UofL cardiology team’s editorial stresses need for more accurate heart disease risk-prediction models

June 7, 2018

A University of Louisville cardiologist and data scientist stressed the need for more accurate heart disease risk-prediction models in an editorial published in the Annals of Internal Medicine this week.

The editorial by Andrew DeFilippis, M.D., director of Cardiovascular Disease Prevention at the UofL School of Medicine and a cardiologist with UofL Physicians, and Patrick Trainor, a data scientist on DeFilippis’ research team, accompanied a study of a new risk prediction model that could improve the guideline-recommended scoring systems for who is at risk.

That study, by a group of researchers from Stanford University, the University of Michigan, the University of Washington, the University of Mississippi and Harvard Medical School, showed a widely used scoring system that helps physicians identify who is at risk for heart disease may inaccurately estimate risk, especially for certain patients, such as African-Americans. The scoring system, last updated in 2013, is recommended by the American College of Cardiology and the American Heart Association.

DeFilippis said that accurate risk predication is needed to effectively balance the risks and benefits of medicines used to prevent heart disease, and is important to help doctors decide who needs a statin, blood pressure medications or aspirin.

“Doctors must balance the risk of medication side effects with the risk of disease,” DeFilippis said. “Medications are expensive, and unnecessary treatment also costs the healthcare system, which is not an endless resource.”

DeFilippis has led efforts to evaluate cardiovascular disease risk prediction scoring systems, analyzing how they perform using data from clinical studies. He said that while this new study is helpful, risk scoring must continue to evolve based on demographic and societal trends and the availability of new biomarkers for assessing cardiovascular disease.

“Risk prediction is of tremendous benefit,” DeFilippis said. “The guideline-recommended scoring models were created from data collected from groups of patients decades ago.
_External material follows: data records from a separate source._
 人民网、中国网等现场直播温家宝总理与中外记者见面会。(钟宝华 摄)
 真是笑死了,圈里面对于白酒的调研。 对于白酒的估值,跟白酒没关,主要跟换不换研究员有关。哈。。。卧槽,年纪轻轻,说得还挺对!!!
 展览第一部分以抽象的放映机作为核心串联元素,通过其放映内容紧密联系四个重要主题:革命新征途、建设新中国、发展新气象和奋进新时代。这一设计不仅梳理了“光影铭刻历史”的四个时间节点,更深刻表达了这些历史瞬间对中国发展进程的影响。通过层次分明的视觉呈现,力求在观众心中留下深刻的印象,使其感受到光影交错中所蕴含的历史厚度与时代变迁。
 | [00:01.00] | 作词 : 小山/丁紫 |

This new study used more modern patient groups and new methods for making the risk calculations.”

He noted that as heart disease is the leading killer of Americans, assessing risk is a critical issue. And while the calculator isn’t perfect, “there is no question these calculators are better than the eyeball test and certainly outperform a physician just saying ‘I think this person is high or low risk’ after looking at them.”

In previous studies, DeFilippis and other researchers at the University of Louisville, Johns Hopkins University and the University of Washington looked at the 2013 scoring system, along with three others, in a study of different ethnic groups. They collected information on patients who began participating in 2000-2002 and followed them for 10 years, evaluating the accuracy of the 2013 scoring model and publishing the results in 2015 in the Annals of Internal Medicine. That study found that the guideline-recommended calculator overestimated a person’s risk.
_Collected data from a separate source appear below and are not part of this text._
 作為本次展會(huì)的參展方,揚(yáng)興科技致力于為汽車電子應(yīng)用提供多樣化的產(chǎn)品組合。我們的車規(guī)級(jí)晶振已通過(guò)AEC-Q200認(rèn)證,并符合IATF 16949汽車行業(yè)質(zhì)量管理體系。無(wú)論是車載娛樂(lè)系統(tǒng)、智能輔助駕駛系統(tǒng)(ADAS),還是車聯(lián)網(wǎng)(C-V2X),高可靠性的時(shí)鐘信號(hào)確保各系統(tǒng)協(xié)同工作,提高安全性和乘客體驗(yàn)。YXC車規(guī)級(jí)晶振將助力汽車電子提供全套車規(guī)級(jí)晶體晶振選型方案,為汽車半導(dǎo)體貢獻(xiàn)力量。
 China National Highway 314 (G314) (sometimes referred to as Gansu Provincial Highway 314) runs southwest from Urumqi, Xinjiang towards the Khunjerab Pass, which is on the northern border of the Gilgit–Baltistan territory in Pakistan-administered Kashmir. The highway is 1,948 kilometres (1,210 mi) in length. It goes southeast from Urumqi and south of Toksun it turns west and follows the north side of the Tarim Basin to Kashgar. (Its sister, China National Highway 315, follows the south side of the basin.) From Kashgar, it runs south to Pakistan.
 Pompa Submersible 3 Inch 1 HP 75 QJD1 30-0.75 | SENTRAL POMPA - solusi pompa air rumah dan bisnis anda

A 2017 study in the journal The BMJ (formerly the British Medical Journal) noted more than one in five Americans between the ages of 40 and 75 takes a statin. It has been hotly debated who should take statins, and several studies have questioned the accuracy of the risk calculator.
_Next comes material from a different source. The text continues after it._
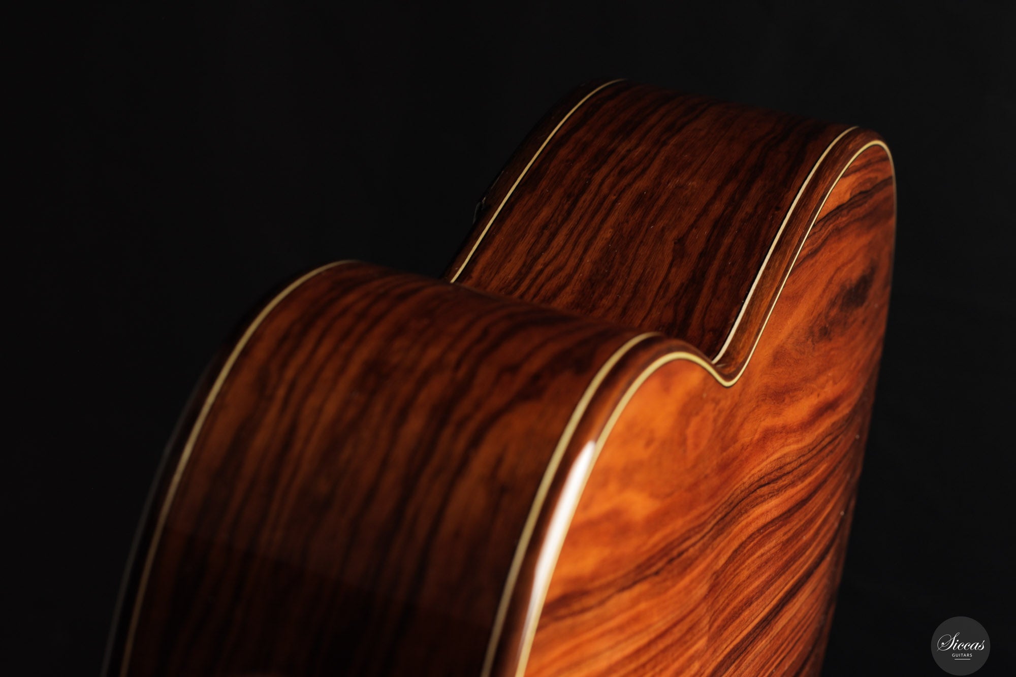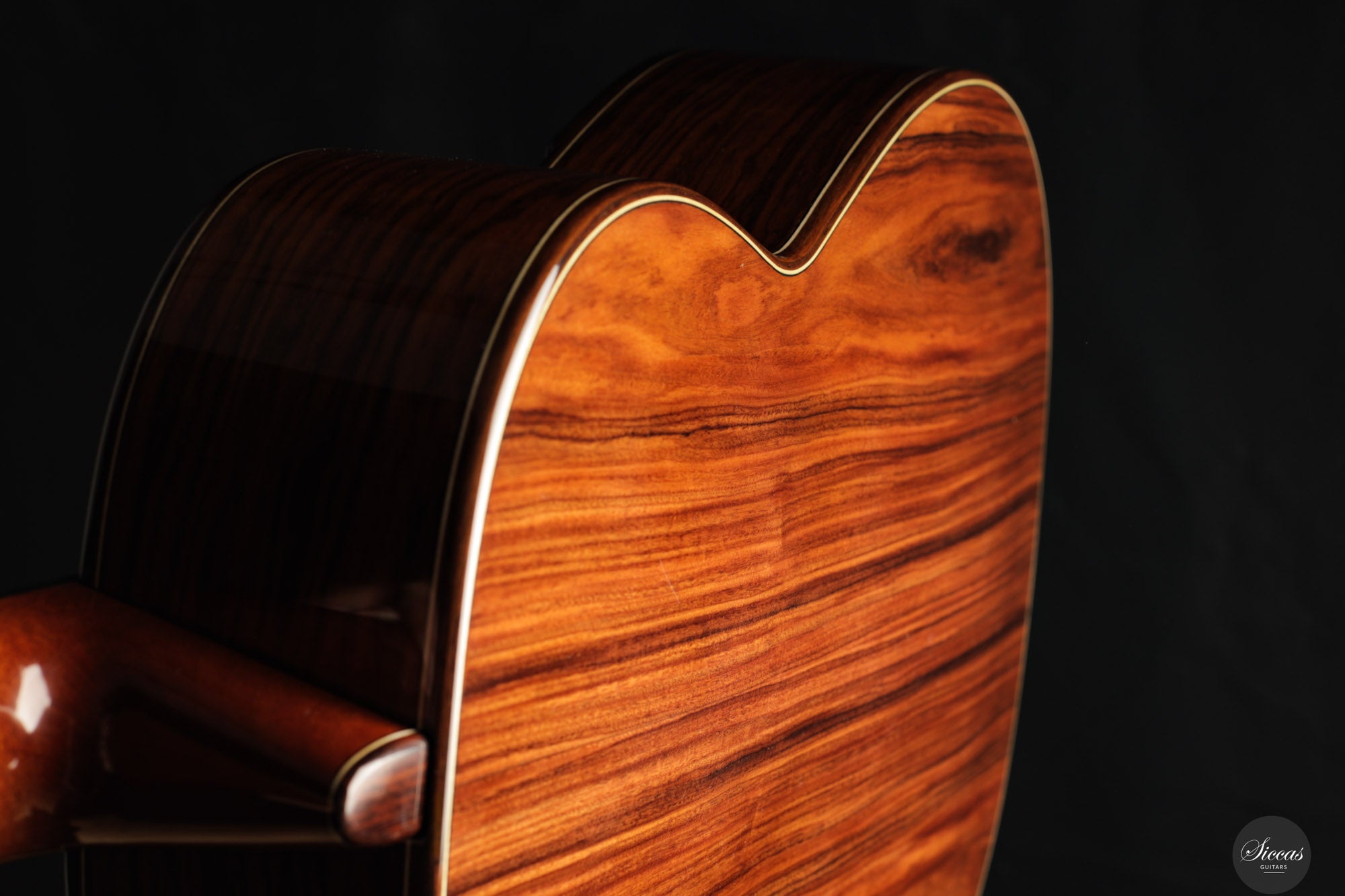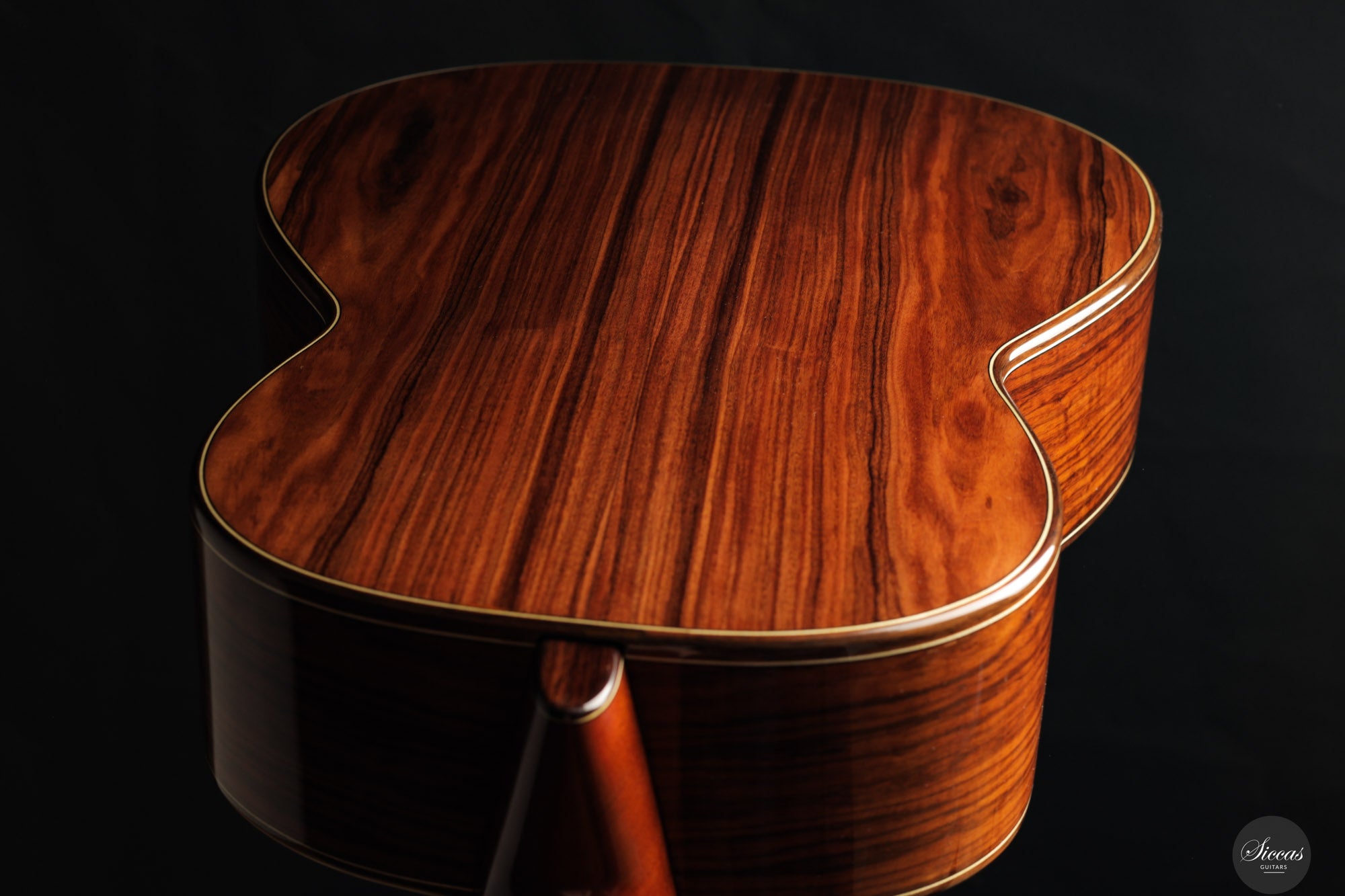 Diese Gitarre wurde 2009 von Greg Smallman & Sons gebaut und ist ein hervorragendes Beispiel für das Vermächtnis dieser Werkstatt. Die Zederndecke ist mit einer karbonverstärkten Lattice-Beleistung versehen und wird von Boden und Zargen aus Palisander ergänzt. Der Korpus ist verdoppelt, was zu einer sehr steifen Struktur führt, die Projektion und Stabilität fördert. Die leichte Decke reagiert bereits auf minimalen Kraftaufwand mit unmittelbarem Ton. Das Lackfinish sorgt für Langlebigkeit und unterstreicht die elegante Erscheinung des Instruments.

DeFilippis said the new study published this week rebuilds the risk score using a different statistical approach. It re-analyzed data from participants in multiple large studies. The new risk prediction model was shown to make more accurate predictions of risk for many patients, especially for some ethnicities, though further validation is needed.

Because of the need to continually update data, the team in the study that was published this week made the statistical model and computer code public so other scientists could evaluate them.

DeFilippis said that ultimately, “the decision on who should take statins or other medications to reduce risk should be a conversation between doctor and patient.”

While the guidelines still generally recommend them for some groups with a particular score, he said treatment should be individualized.